Transcribe the listing below exactly, leaving out each image.

**Data excerpt:**
◆ ◆ ◆ ◆ ◆ ◆ ◆
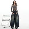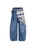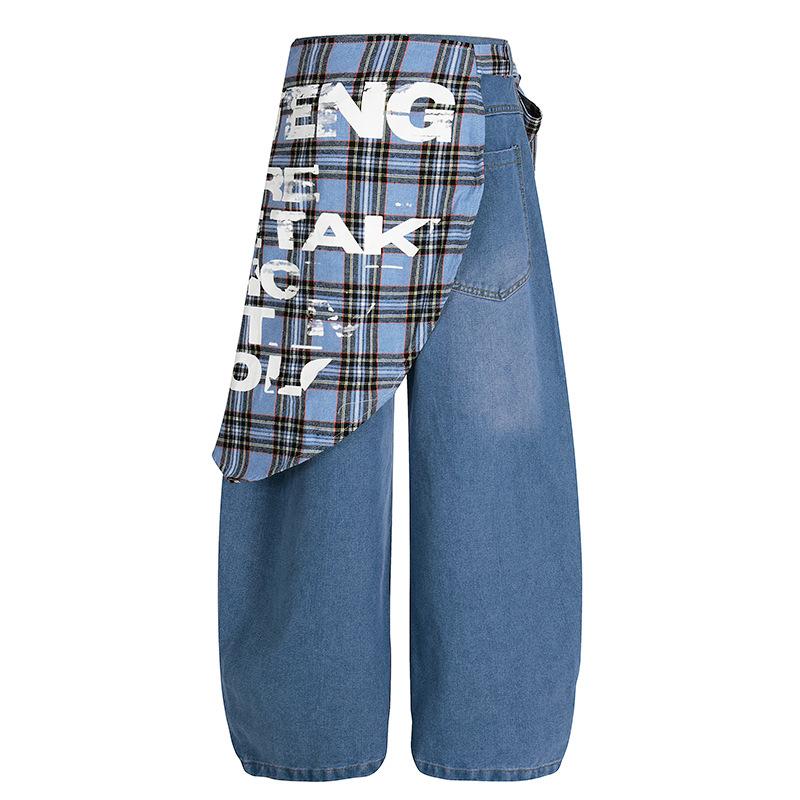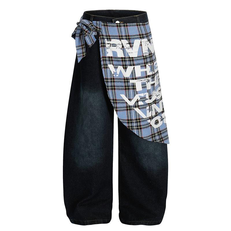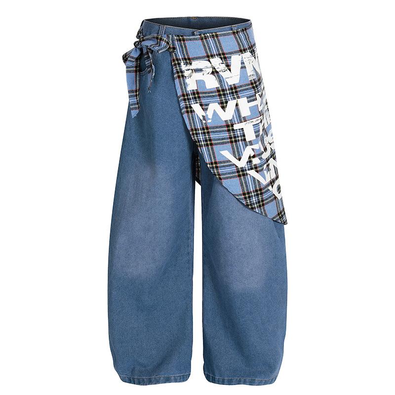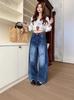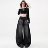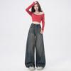 2025 Nuevo Americano Retro Solapa de Trasero Atar Capas Denim Cimitarra Pantalones Primavera y Otoño Pierna Ancha Suelto Pantalones Largos
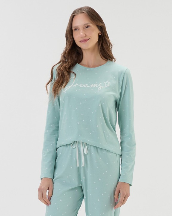Pijama feminino de manga longa com calça, confeccionado em malha comfort macia e leve, garantindo aconchego e liberdade de movimento para noites de descanso. O conjunto apresenta fundo azul-claro com estampa rotativa de mini estrelas em tom off-white, criando um visual delicado e acolhedor.
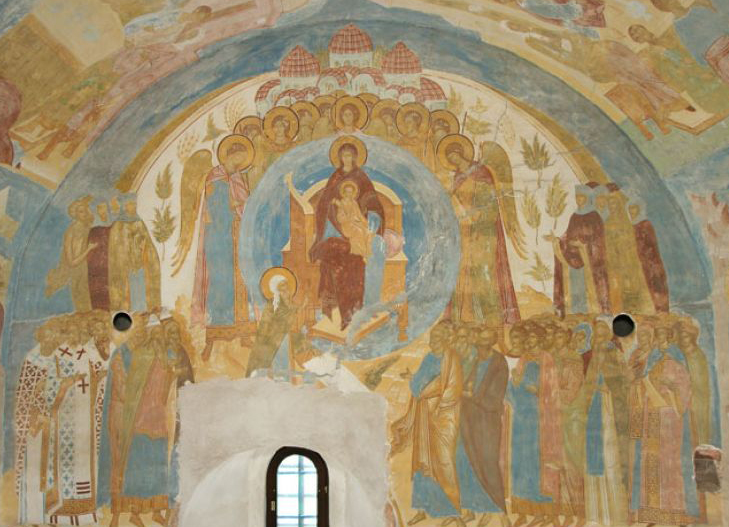 Они могут стать отличной иллюстрацией к уроку, а если позволит время, добавить еще один пункт в его программу: виртуальное паломничество. Фрески в далеком XVI веке писал иконописец Дионисий Мудрый и его сыновья Владимир и Феодосий. Как гласит надпись на откосе храмовой северной двери, они работали в монастыре с 6 августа по 8 сентября 1502 года. Эти иллюстрации можно и нужно рассматривать внимательно, отмечая с какой нежностью относились иконописцы к Матери Божией, чье чудесное рождение мы будем отмечать 21 сентября.
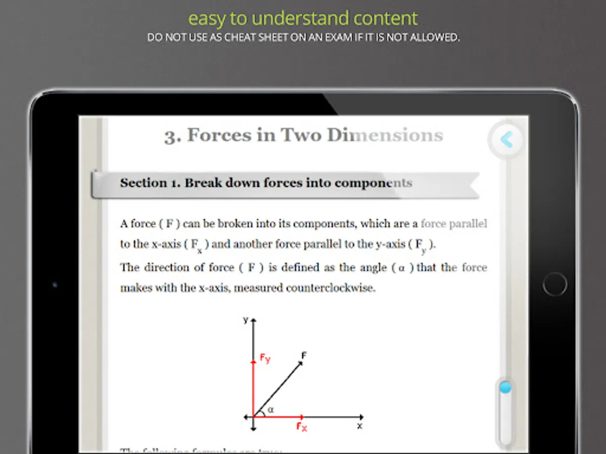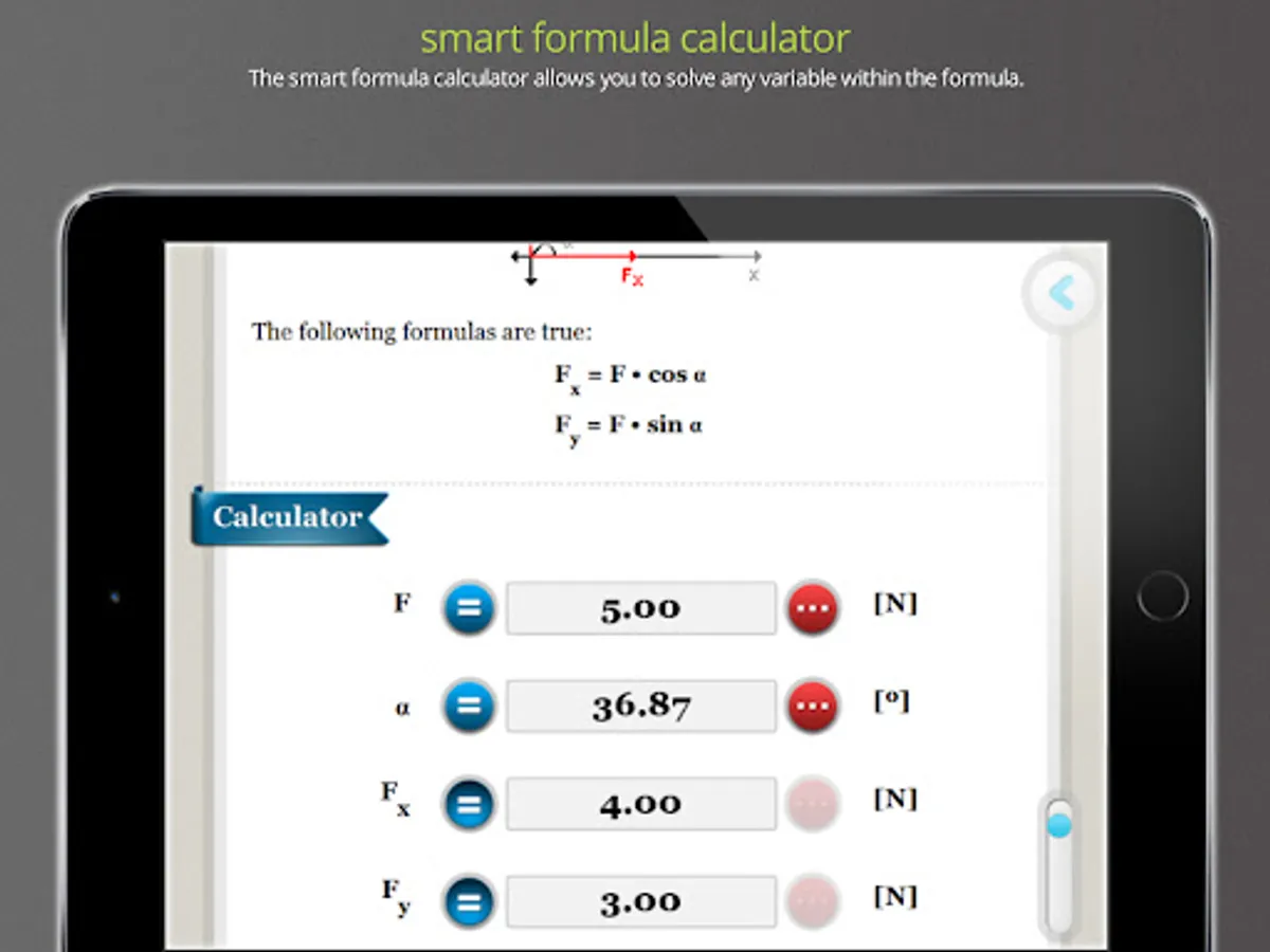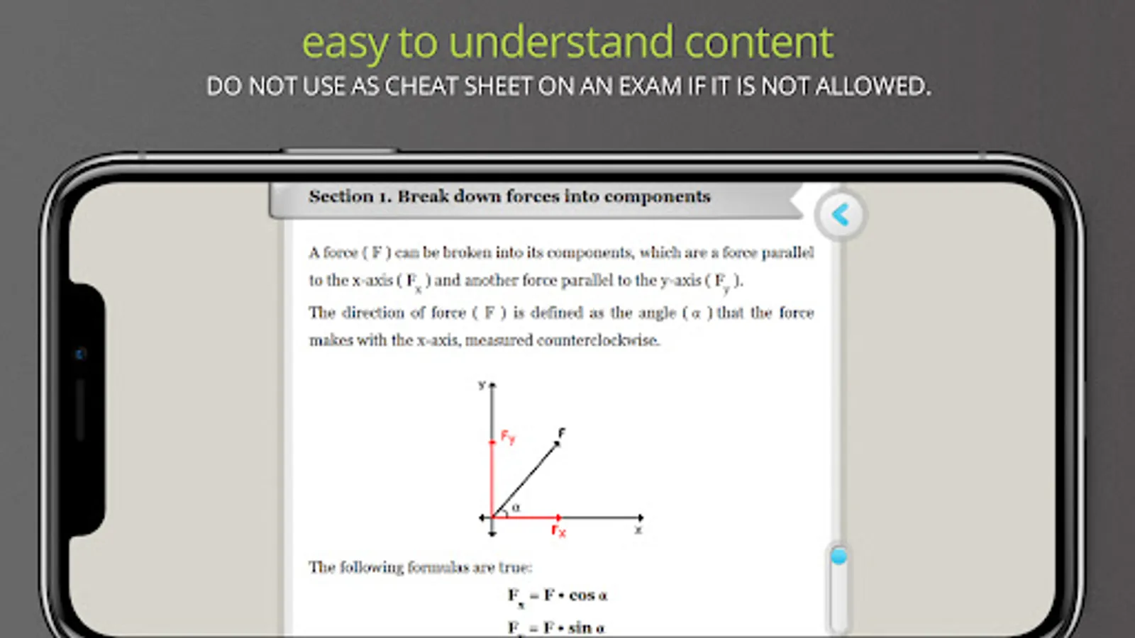 The app features a comprehensive list of formulas for the physics topics listed bellow, each with a smart formula calculator that allows you to solve any variable within the formula.
◆ ◆ ◆ ◆ ◆ ◆ ◆
**Output below:**
 2025 Nuevo Americano Retro Solapa de Trasero Atar Capas Denim Cimitarra Pantalones Primavera y Otoño Pierna Ancha Suelto Pantalones Largos
Pijama feminino de manga longa com calça, confeccionado em malha comfort macia e leve, garantindo aconchego e liberdade de movimento para noites de descanso. O conjunto apresenta fundo azul-claro com estampa rotativa de mini estrelas em tom off-white, criando um visual delicado e acolhedor.
 Они могут стать отличной иллюстрацией к уроку, а если позволит время, добавить еще один пункт в его программу: виртуальное паломничество. Фрески в далеком XVI веке писал иконописец Дионисий Мудрый и его сыновья Владимир и Феодосий. Как гласит надпись на откосе храмовой северной двери, они работали в монастыре с 6 августа по 8 сентября 1502 года. Эти иллюстрации можно и нужно рассматривать внимательно, отмечая с какой нежностью относились иконописцы к Матери Божией, чье чудесное рождение мы будем отмечать 21 сентября.
 The app features a comprehensive list of formulas for the physics topics listed bellow, each with a smart formula calculator that allows you to solve any variable within the formula.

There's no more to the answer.